**Given material**

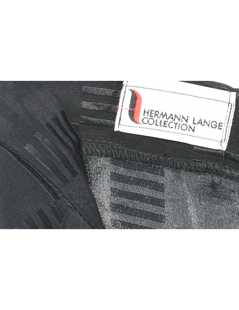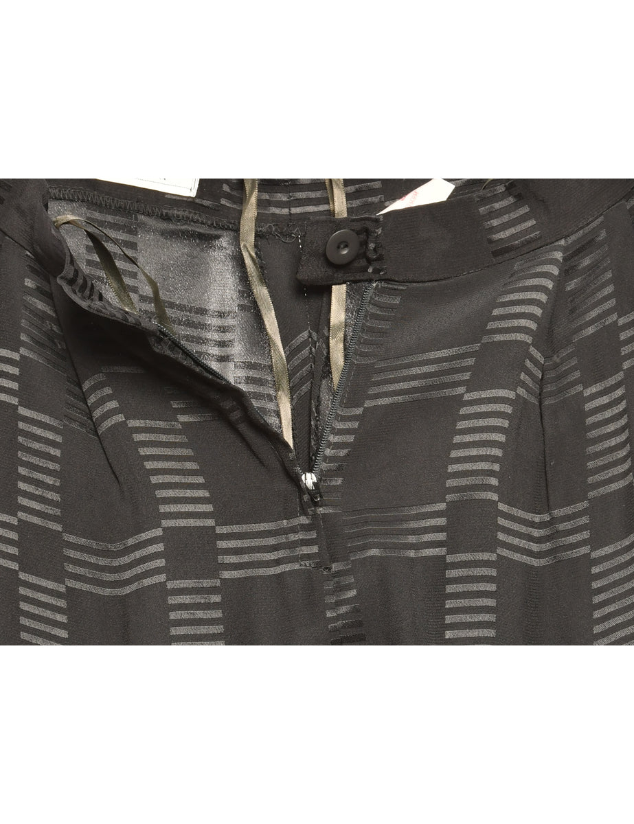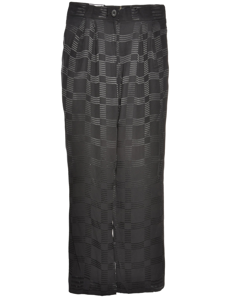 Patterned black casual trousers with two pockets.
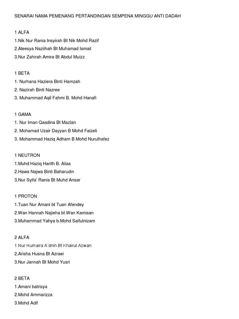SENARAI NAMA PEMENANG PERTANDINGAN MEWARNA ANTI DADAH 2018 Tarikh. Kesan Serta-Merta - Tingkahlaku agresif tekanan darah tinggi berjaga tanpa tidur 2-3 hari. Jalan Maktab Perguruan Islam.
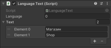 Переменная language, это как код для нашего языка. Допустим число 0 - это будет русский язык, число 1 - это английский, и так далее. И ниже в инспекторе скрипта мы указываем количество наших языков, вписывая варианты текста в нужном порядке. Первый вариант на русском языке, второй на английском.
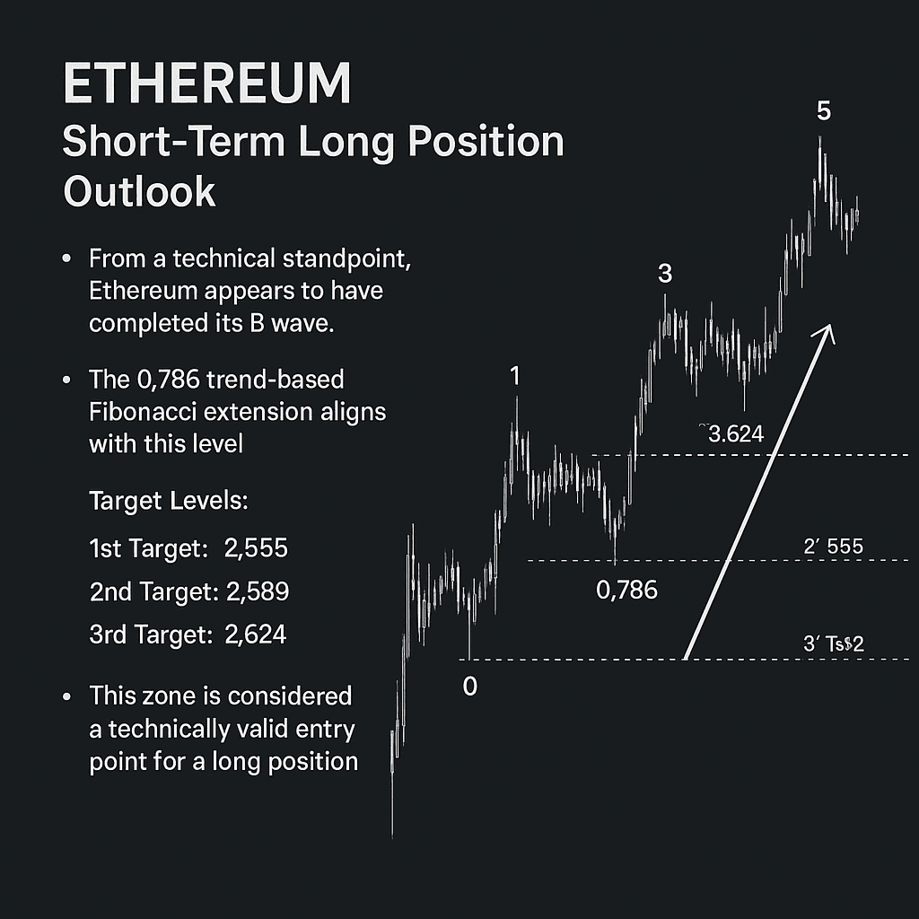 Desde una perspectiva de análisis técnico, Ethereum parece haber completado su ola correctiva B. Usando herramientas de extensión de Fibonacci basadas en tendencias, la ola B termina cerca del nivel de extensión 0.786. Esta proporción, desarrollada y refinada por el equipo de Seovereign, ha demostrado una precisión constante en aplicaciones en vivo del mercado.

**What is expected**
In the copy, no pictures are to appear; write out exactly the lines from the one containing "Переменная language, это" through the end of the listing above and no further lines.

**Task result**
 Переменная language, это как код для нашего языка. Допустим число 0 - это будет русский язык, число 1 - это английский, и так далее. И ниже в инспекторе скрипта мы указываем количество наших языков, вписывая варианты текста в нужном порядке. Первый вариант на русском языке, второй на английском.
 Desde una perspectiva de análisis técnico, Ethereum parece haber completado su ola correctiva B. Usando herramientas de extensión de Fibonacci basadas en tendencias, la ola B termina cerca del nivel de extensión 0.786. Esta proporción, desarrollada y refinada por el equipo de Seovereign, ha demostrado una precisión constante en aplicaciones en vivo del mercado.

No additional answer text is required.